Having the time in here has made me reflect on being a mother. Before this deterioration (I'm not quite sure how to refer to these past few weeks and I guess deterioration sounds about right) I was struggling. I had soldiered on through the radiation, and really it was a bit tough.
But I was finding being a mother tough. Charlotte's behaviour was - challenging. I know it is normal. She is asserting her independence. Trying new things, pushing boundaries. But it was wearing. Angus was also going through a tough time with wanting to be picked up. He had started squealing, chucking little tantrums (seriously anyone who thinks the terrible twos actually happen at two needs to come live at my house!). He would literally bang his head on the floor, then look at me for that reaction.
So my response was to put the TV on. Let them watch cartoons if they want. Of course I was still trying to do things with them. Charlotte was playing more games - "What's the time Mr Wolf" is a favourite at the moment, as is hide and go seek. Playdough is still fun but is draining as I have to run interference with Angus trying to eat it. Blocks are a favourite for Angus although he is so much happier playing by himself than Charlotte ever is/was.

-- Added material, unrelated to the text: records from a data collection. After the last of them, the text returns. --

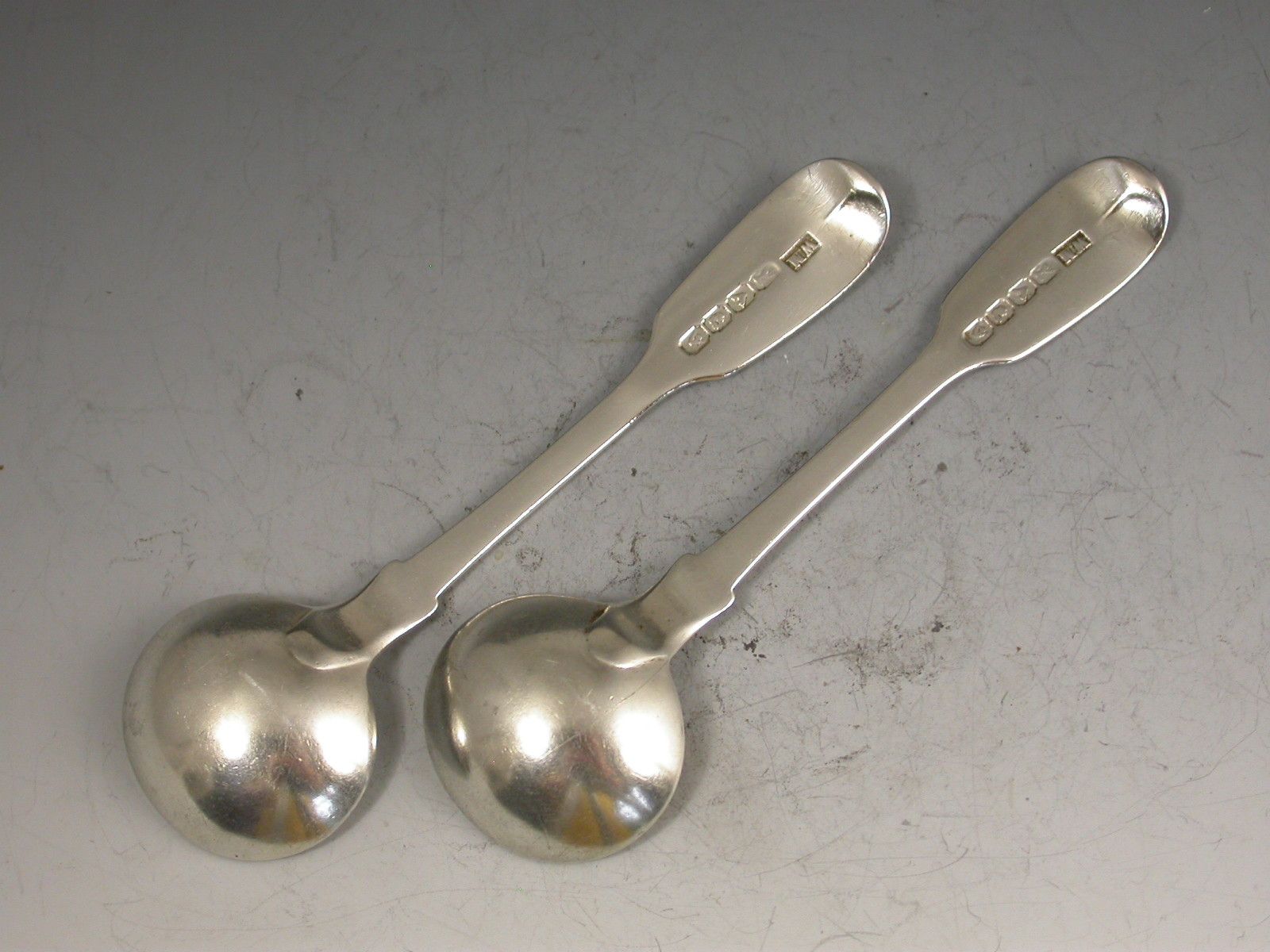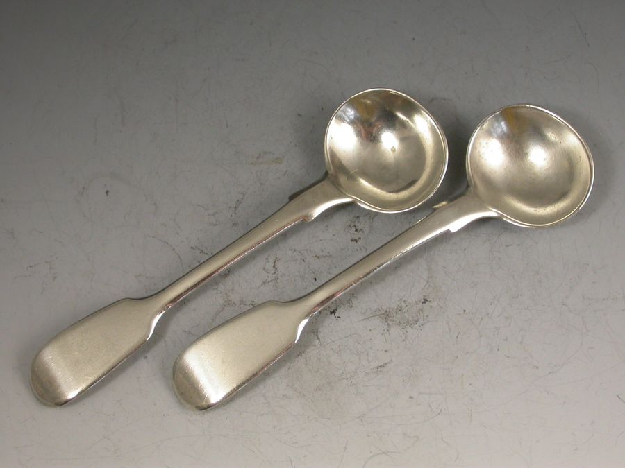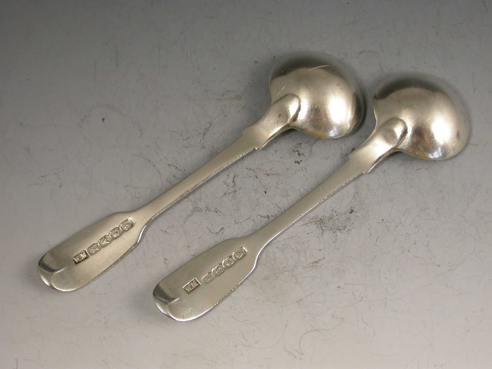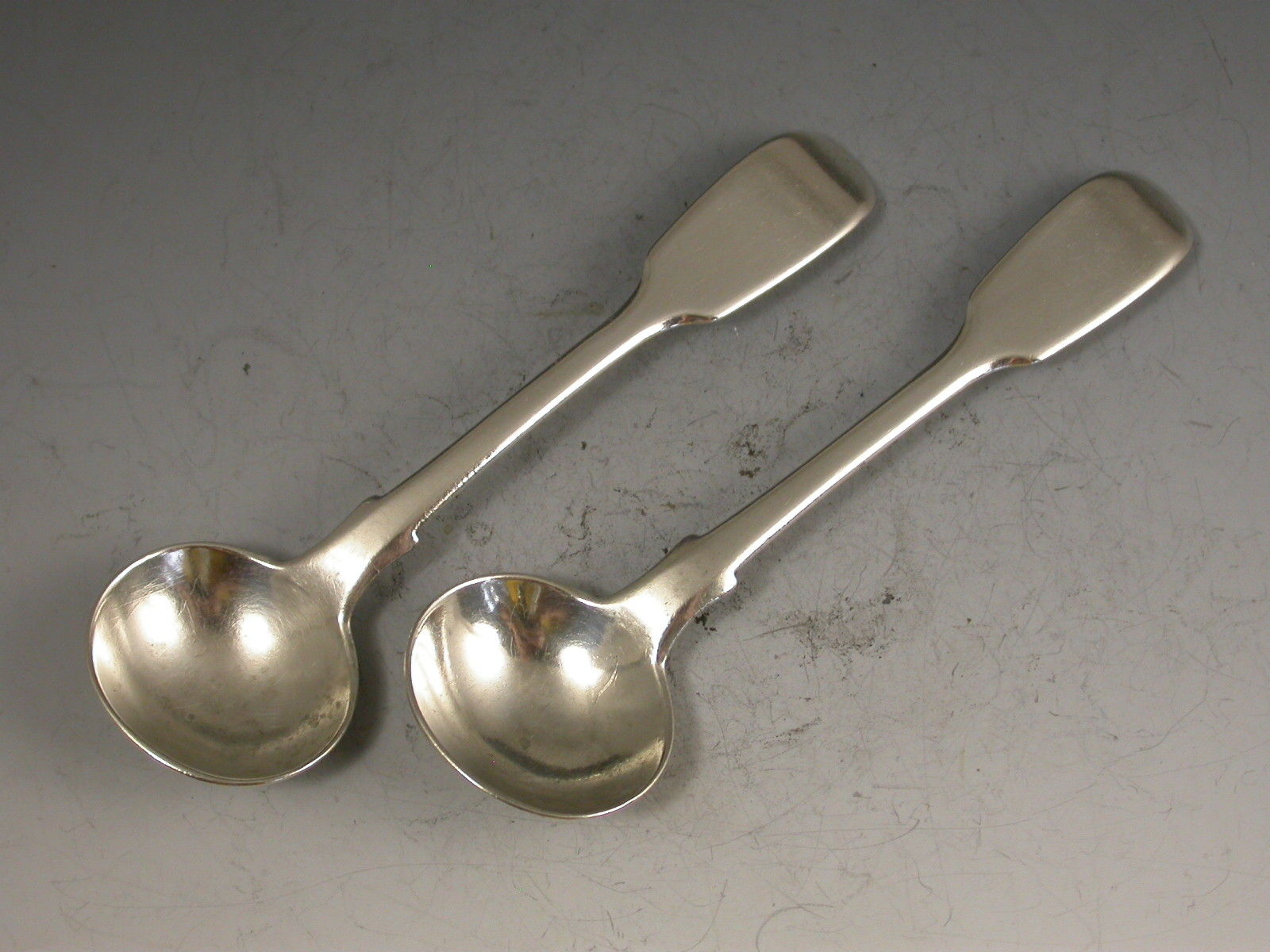An extremely rare pair of early 19th century Cape silver Salt Spoons of plain fiddle pattern with sideways oval bowls.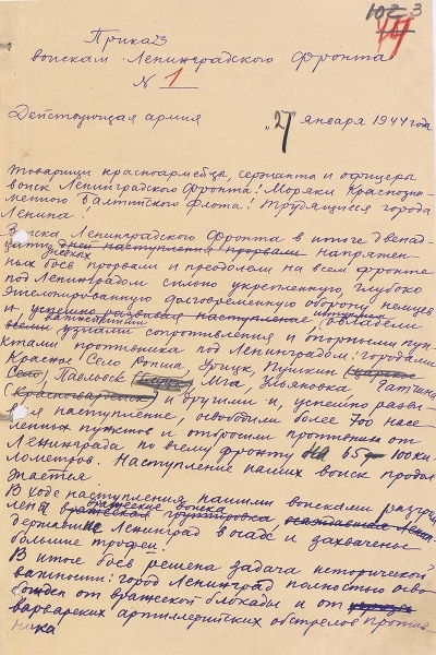 В честь 80-летия Минобороны рассекретило документы о полном освобождении Ленинграда от блокады. На портале опубликовали описания боевых действий, карты с замыслами советского командования, фотографии и многое другое. Среди уникальных документов - черновик приказа командующего войсками Ленинградского фронта о снятии блокады от 27 января 1944 года, сообщает ИА «СеверИнформ».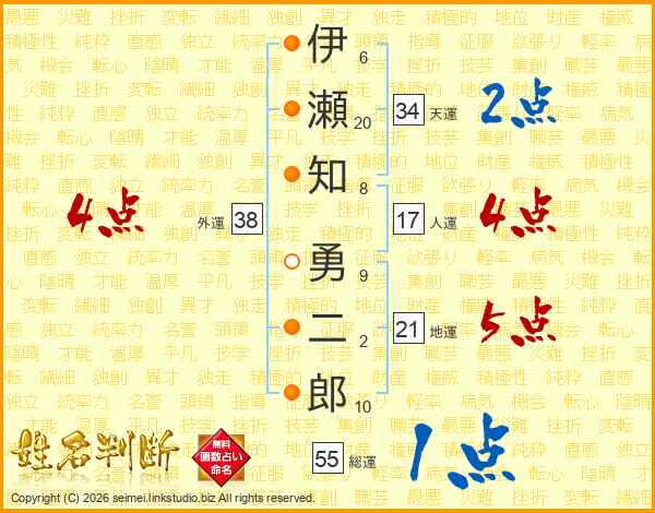 伊(6画)瀬(20画)知(8画) 勇(9画)二(2画)郎(10画)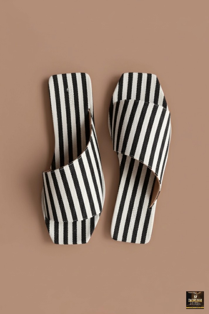 These contemporary slides offer a minimalist yet striking design, utilizing a multi-tonal striped pattern in a sophisticated color palette. The slides are constructed entirely from a textured textile material that features bold vertical stripes in black and white. A key feature is the asymmetrical strap design; the wide front strap curves dramatically from one side of the foot to the other, offering a secure fit and a distinct, modern silhouette that contrasts with the square-shaped toe. The striped pattern extends seamlessly across both the footbed and the upper strap, creating a cohesive and stylish look. Finished with a flat profile, these slides are the epitome of effortless chic and are perfect for adding a subtle pop of color and texture to any warm-weather ensemble.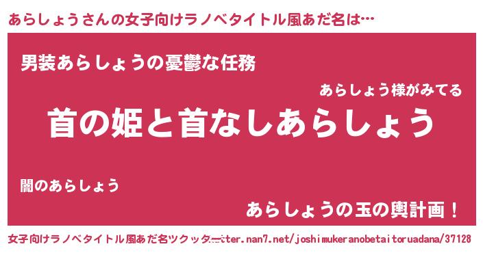 | 男性向けラノベタイトル風あだ名 | 『はたらくあらしょうさま!』 |

And I felt guilty. I've needed a daily nap for months now and that guilt - especially relying on James, has eaten me up. The housework slipped. And all of this made me feel like I was the worst mother in the world. Simply because my children were watching TV, or because I wasn't engaging with them constantly. Truthfully I wasn't enjoying the days at all. This just ate me up inside. I still think it's a hangover from the IVF, but I wanted these kids so bad. Surely I should treasure every minute of every day and want to engage with them?
Then I was admitted, and I have seen them for an hour at a time, every day or two (they havent' come in every day as it gets a bit much for them).

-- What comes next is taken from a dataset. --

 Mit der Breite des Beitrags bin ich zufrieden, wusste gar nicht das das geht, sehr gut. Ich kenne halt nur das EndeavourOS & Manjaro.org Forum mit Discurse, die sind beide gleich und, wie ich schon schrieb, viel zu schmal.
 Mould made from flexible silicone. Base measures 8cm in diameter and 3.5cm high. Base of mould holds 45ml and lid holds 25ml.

And they are doing fine. Angus' language has exploded. Charlotte's behaviour has improved dramatically and she is suddenly doing so much for herself. Whether these things would have happened with me being around I can't say; I am trying not to think that they have thrived without me being around, but I don't think that they have been irreparably harmed.
I know when I go home I can't run around with them. It will take time before I have the strength to even go for a walk to the park, let alone really just play. But I am going to go home with a new confidence in my mothering. Because it doesn't matter if they watch TV. As long as I am there with them to guide them, to teach the little things, to offer cuddles (Angus has gotten really cuddly now) that is what important. The little things that make up a day are what matters. Being a mum is frustrating, draining, sometimes (often) unrewarding. I want to try to find that one moment in each day that makes all of those hard parts worthwhile. And if that means watching playschool together, then that is what it will take.
I need to shake off this mother guilt. I know it isn't that easy, but there are so many other things I can feel guilty about (too much red wine maybe?). I know I'm not alone in this - so what is your irrational mothers guilt?